The urgency of resolving America's plastic crisis has catalyzed various policy shifts and spurred innovation in recycling technologies. One notable initiative is the adoption of pyrolysis. This process, although still controversial, represents an attempt to innovate within the recycling industry by converting plastic waste back into usable crude oil. The Akron, Ohio facility operated by Alterra Energy exemplifies this approach, claiming to transform "plastics back into their original building blocks." Despite these claims, the effectiveness and environmental impact of pyrolysis have been questioned.

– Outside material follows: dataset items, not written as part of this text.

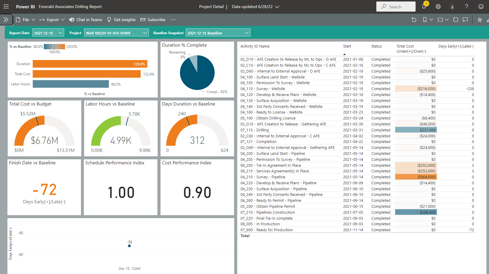 Project detail dashboard screen shot (above). Drill down dashboards for monitoring activities, labor hours, and costs are also available with P6-Reporter. From the Project Detail dashboard, quickly digest current project status information.
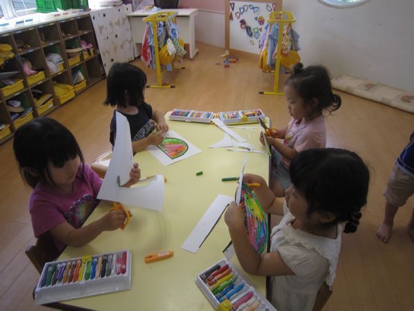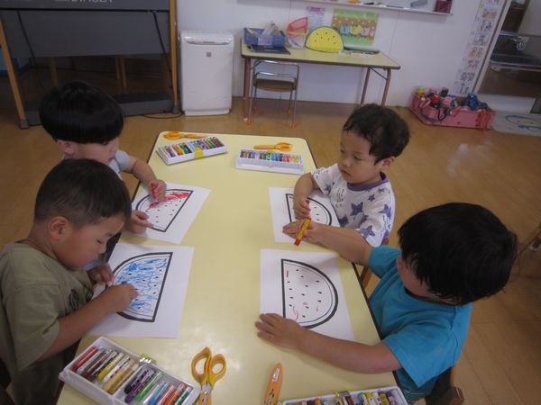 スイカは、クレパスで色を塗って、ハサミで切りました。赤か黄色、好きな方を選んで塗り、おいしそうなスイカができました。
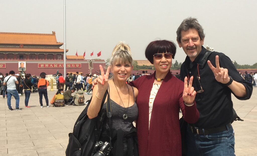Maintaining diplomatic relations with a local in Tiananmen Square.
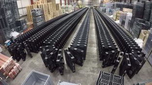 Στις αποθήκες της εταιρίας Exporta Global στη Βρετανία, οι υπάλληλοι έστησαν ένα μεγάλο ντόμινο με 1377 παλέτες.

Recent studies suggest that the process might actually be more harmful than producing new plastic, due to the emissions and energy consumed.

Moreover, the pyrolysis industry faces significant challenges. Facilities across the U.S. have struggled with profitability and operational efficiency, leading to closures and financial losses, such as the recent shutdown of a pyrolysis plant in Oregon after immense financial setbacks. The reliance on substantial public subsidies and the limited success in achieving closed-loop recycling (where materials are perpetually recycled without quality degradation) have further fueled skepticism about this technology's viability as a long-term solution.

Despite these hurdles, there is a growing consensus that tackling plastic pollution requires more than technological fixes—it demands systemic changes. The recent initiatives by former New York City Mayor Mike Bloomberg, who launched an $85 million campaign to combat the proliferation of petrochemical facilities, underscores the critical need for regulatory and policy interventions. Bloomberg's campaign aims to address the environmental and health impacts of these plants, highlighting the broader implications of plastic production on community well-being and sustainability.